The true nature of the American democracy
13 May 2008 | by (Korea (Republic of)) – See all my reviews

Democracy is one of the old-fashioned goods the U.S. have exported to developing countries. To quote President Bush: "America will not impose our own style of government on the unwilling. Our goal instead is to help others to find their own voice, attain their own freedom, and make their own way." Can it be so? Absolutely not. The reality has usually been the other way round. Democracy made in the U.S. is like Pandora box for tiny countries.

The War On Democracy filmed by John Pilger shows well the falsity of the U.S. through the revelation of the hidden, suppressed history in Latin America.

Don't be embarrassed at the fact that The U.S has tried to turn over democratic governments under the guise of democracy. Especially, many countries in Latin America have been attacked with the loss of countless lives, and their leaders became the victims of an injustice; Jacobo Arbenz, a democratically elected Guatemalan president in 1950, was forced into exile being stripped naked and photographed; In 1973 Salvador Allende of Chile took his life against the bombing led by General Pinochet, an America's man.

By what right, has the U.S. played the leading role in destroying the democratic governments and the dreams of the people? Who gives the U.S. the right? Let's listen to the pretext of Duane Clarridge, head of the CIA's Latin American division in the early 1980s in Chile. "We'll intervene whenever we decide it's in our national security interests to intervene, and if you don't like it, lump it. Get used to it, world -we're not gonna put up with nonsense. If our interests are threatened, we're gonna do it." Philip Agee, C.I.A. agent 1967-68, also back up the Clarridge's excuse. "In the CIA, we didn't give a hoot about democracy. I mean, it was fine if a government was elected and would cooperate with us, but, if it didn't, then democracy didn't mean a thing to us, and I don't think it means a thing today." Like pilger's saying, it's evident no country has a right to go its own way, unless that way coincides with the interests of the United States.

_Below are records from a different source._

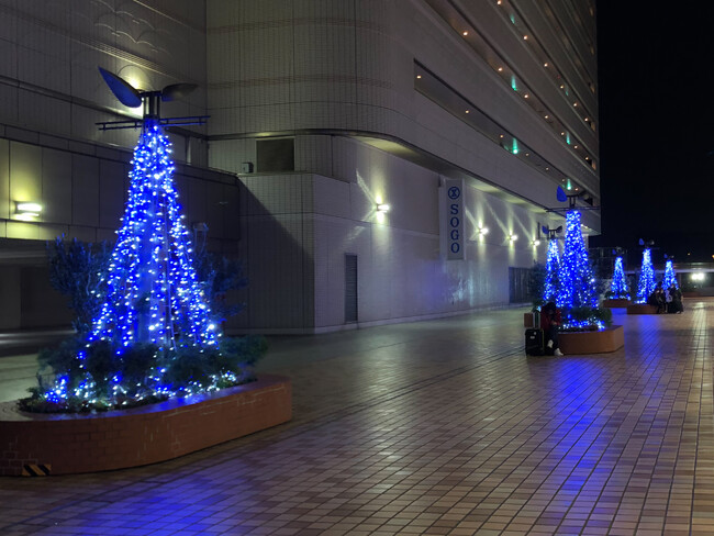 スカイビルと横浜新都市ビル(そごう横浜店)を繋ぐ2階ペデストリアンデッキ「はまテラス」では今年もイルミネーションを開催しております。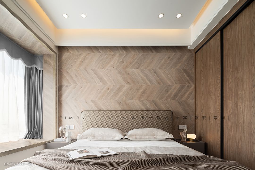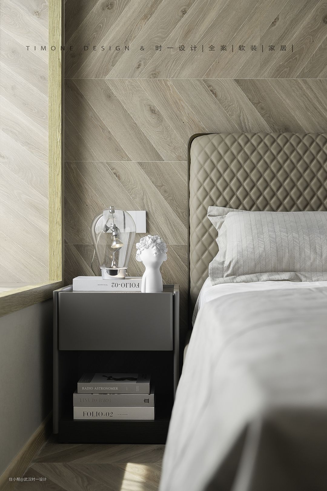 ❑ 步入卧室,地板上墙,配上HOTHING经典款式床型,整个空间简洁而不失雅致与细节感,布艺与木质的搭配,空间更加有趣而温馨。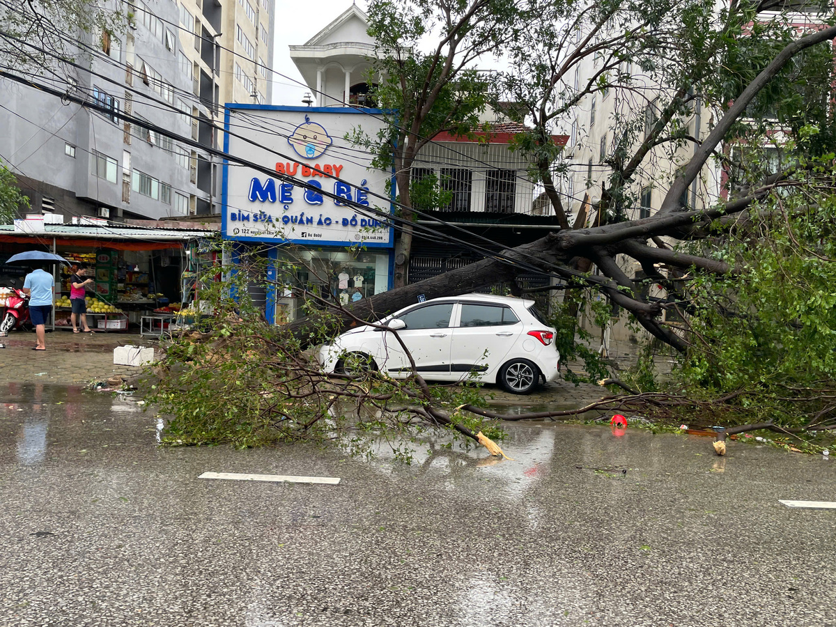 Theo ghi nhận của PV VTC News, sau khi bão số 5 càn quét, nhiều phường thuộc TP Vinh cũ (tỉnh Nghệ An) rơi vào tình cảnh tan hoang với hình ảnh cây xanh bật gốc la liệt trên các tuyến phố.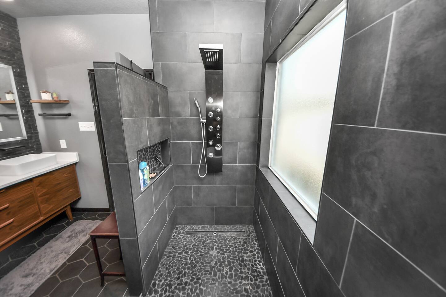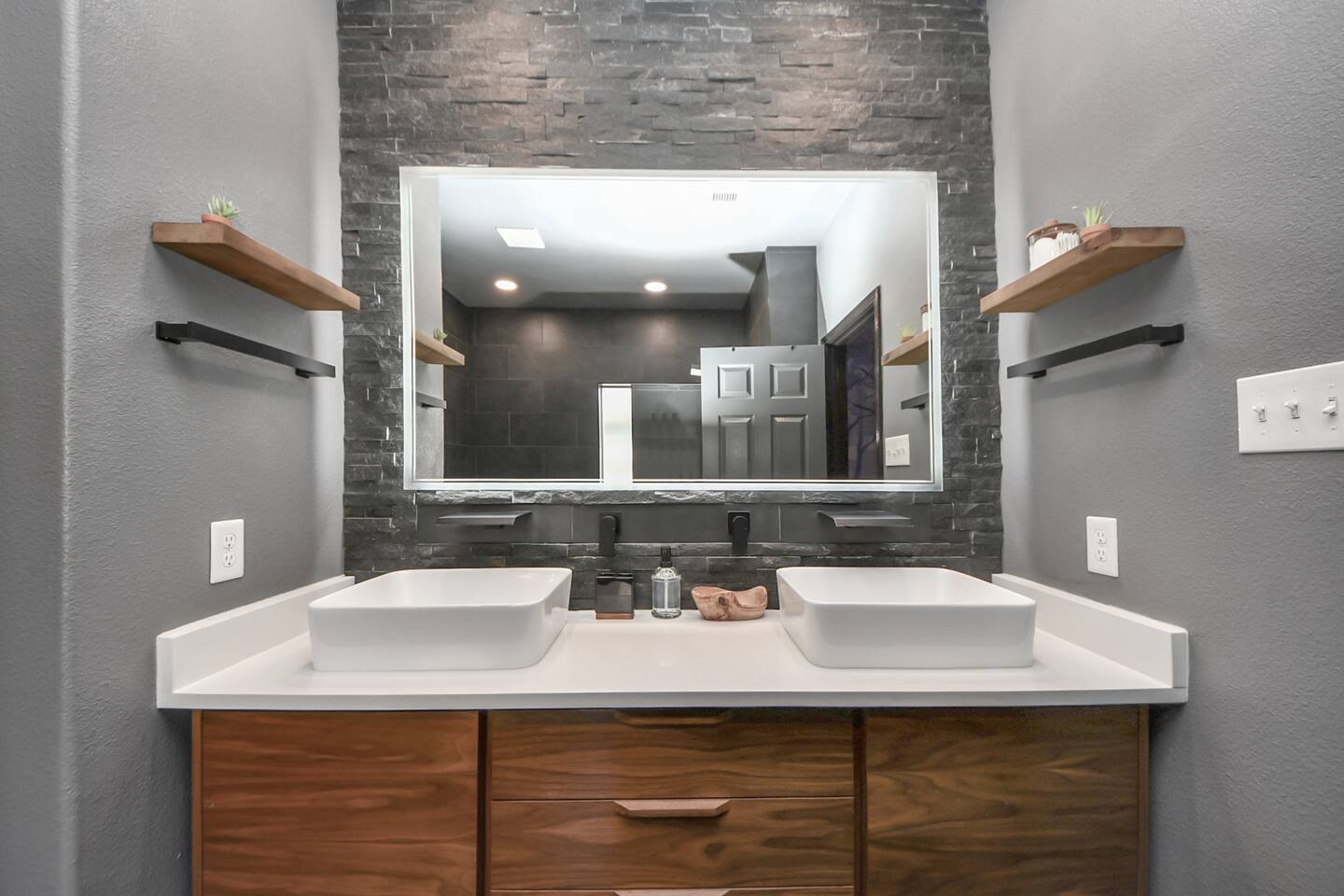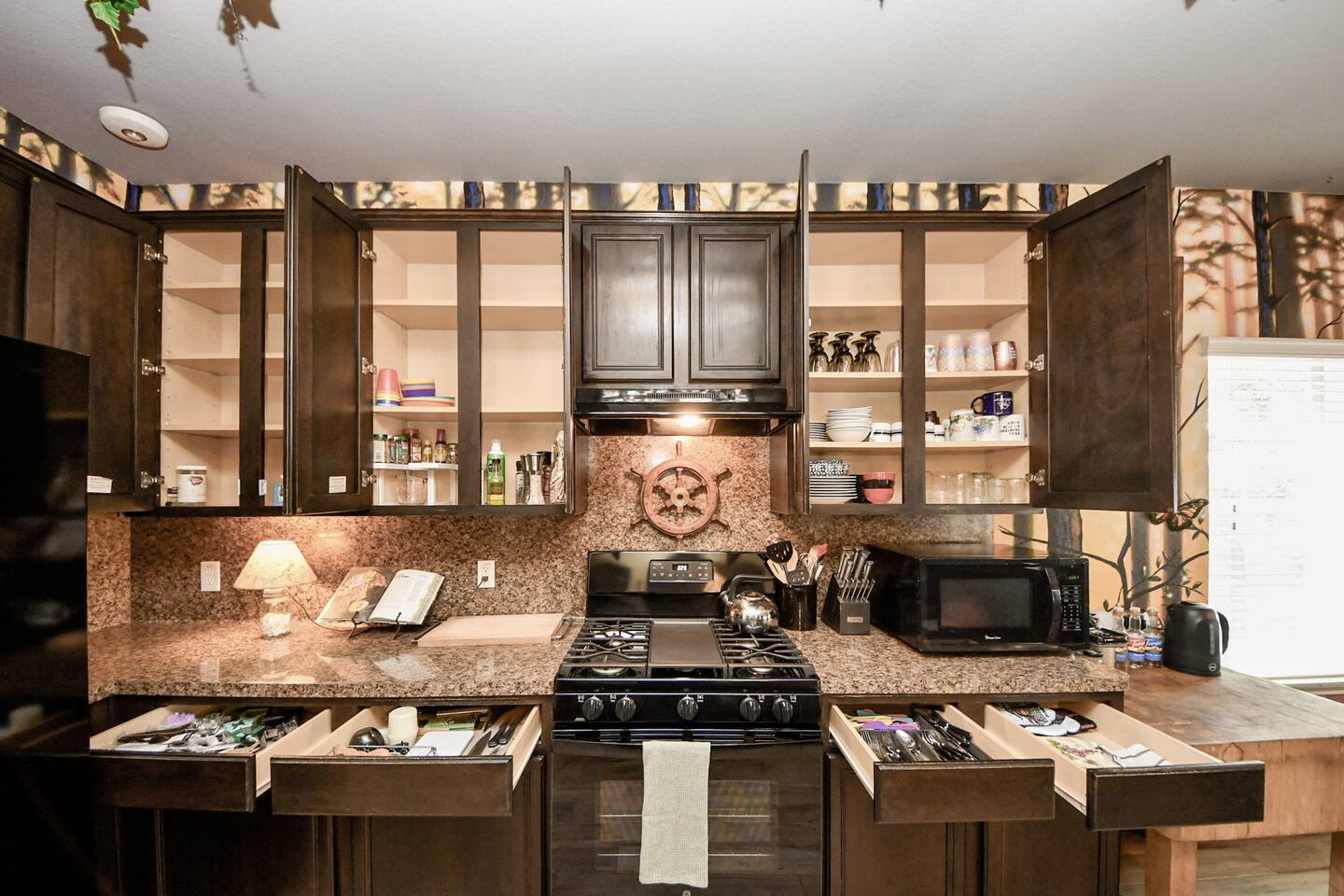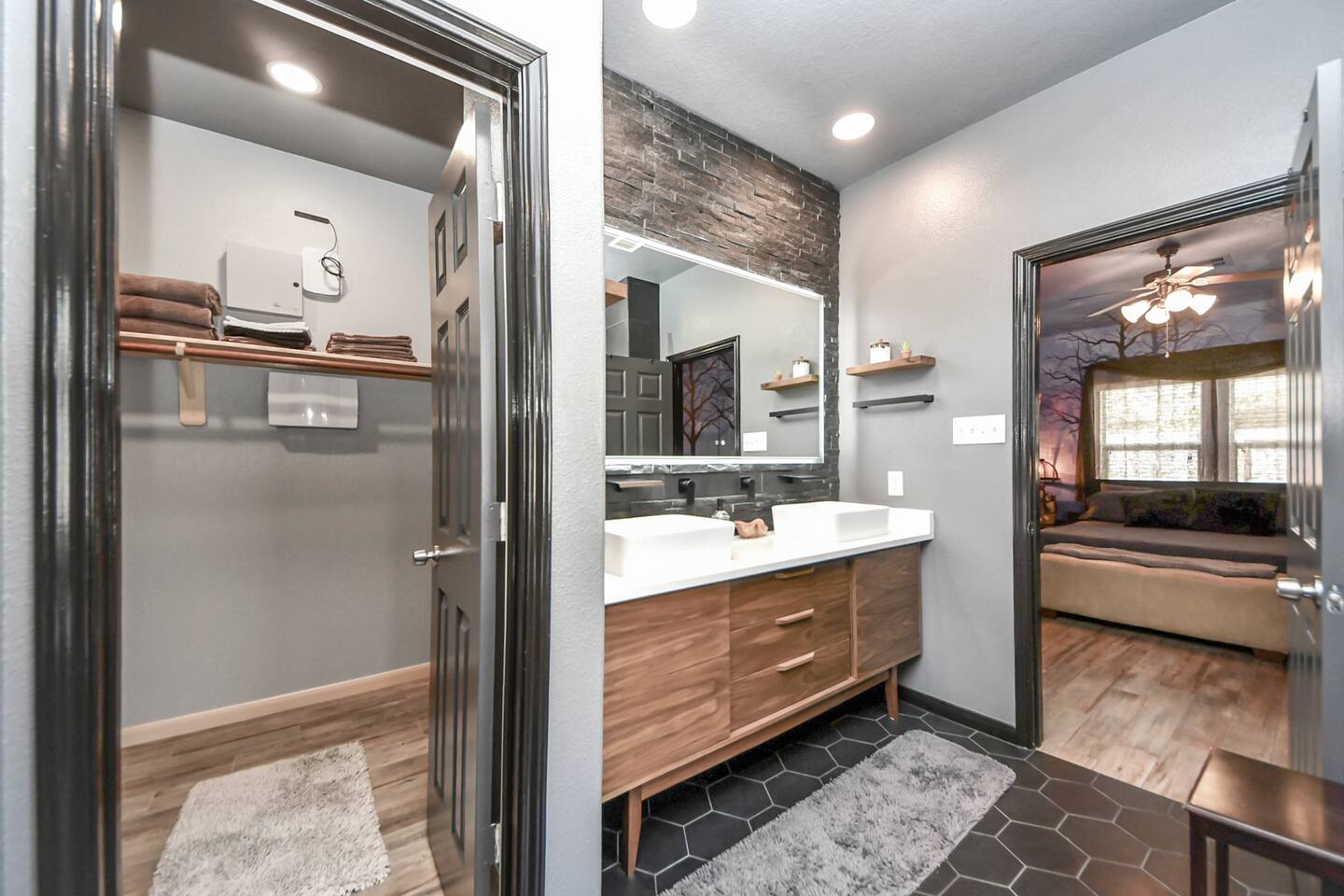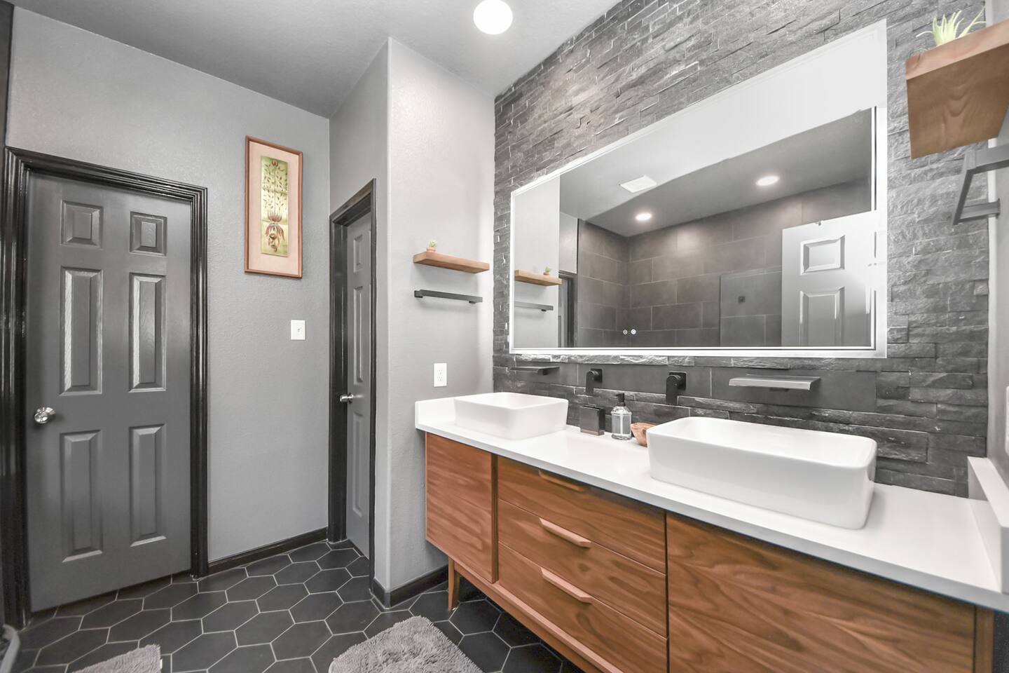 🎨 The Artistic Experience Each room offers a distinct atmosphere: • A geometric mural living room with oversized sectional seating • A serene forest-inspired primary bedroom • A playful and imaginative cartoon guest room • A bold dining space full of character with Jimmy Hendrix and Bob Marley in full size Because the murals are original artwork, this home appeals to guests who appreciate creativity, design, and staying somewhere truly unique. 🐱 Cat Friendly Stay This home welcomes cats and even includes a dedicated cat jungle for feline travelers. Please share pet details when booking so we can ensure a smooth stay. 🌿 Outdoor Garden The fenced backyard has been intentionally designed with native flowering plants that attract butterflies and seasonal blooms throughout the year. It’s a peaceful outdoor space for morning coffee or quiet evenings. 🛁 Spa-Style Primary Bath • Double vessel sinks • Modern floating vanity • Custom walk-in multi-jet shower • Freestanding soaking tub within the custom walk-in wet room, creating a spa-style retreat inside the primary bathroom Designed for relaxation after travel or long days exploring the area. 🍳 Kitchen (Fully Equipped) “Completely stocked kitchen with full-size appliances, gas range, cookware, and everything needed for preparing family meals or hosting a relaxed breakfast.” 🌅 Breakfast Nook (Sunrise Angle) “Sunlit breakfast table just off the kitchen — a favorite spot for morning coffee, casual meals, or slow hangouts while cooking.” 💻 Bedroom Workspace “Multiple bedrooms include dedicated desk space and closet storage, ideal for remote workers or guests staying longer than a weekend.” 🐱 Cat Jungle “Cat-friendly home featuring a dedicated cat jungle, making this a rare and welcoming option for guests traveling with feline companions. Home is thoroughly cleaned and ozone machine is run after pet reservations. “The home uses layered lighting, dimmers, salt lamps, and warm accent lighting to create a calm atmosphere that complements the artwork.”

However, the U.S. tasted the bitterness of defeat on April, 2002 in Venezuela. The joint work of Washington and the wealthy of Caracas to get rid of President Chavez ended up failing due to people power demanding the return of their president. In spite of the planned coup, Chavez was put in the bosom of the people in 48 hours after being abducted.

The people power was also brilliant in Bolivia. In 2000, to take backs the valuable resources like water, Bolivian people fought against a foreign consortium dominated by the American corporation Bechtel, and accomplished their hope. Furthermore, in 2005, the indigenous person, Evo Morales, was elected president for the first time ever.

Of course, there sure is another plot of empire still going in Latin America, Middle East, Afghanistan, and Africa. However, the rising up against empire will never stop as long as the people power exists. As Hugo Chavez says, the world should be governed by the rule of law, equality, justice and fraternity, not by empire's greed.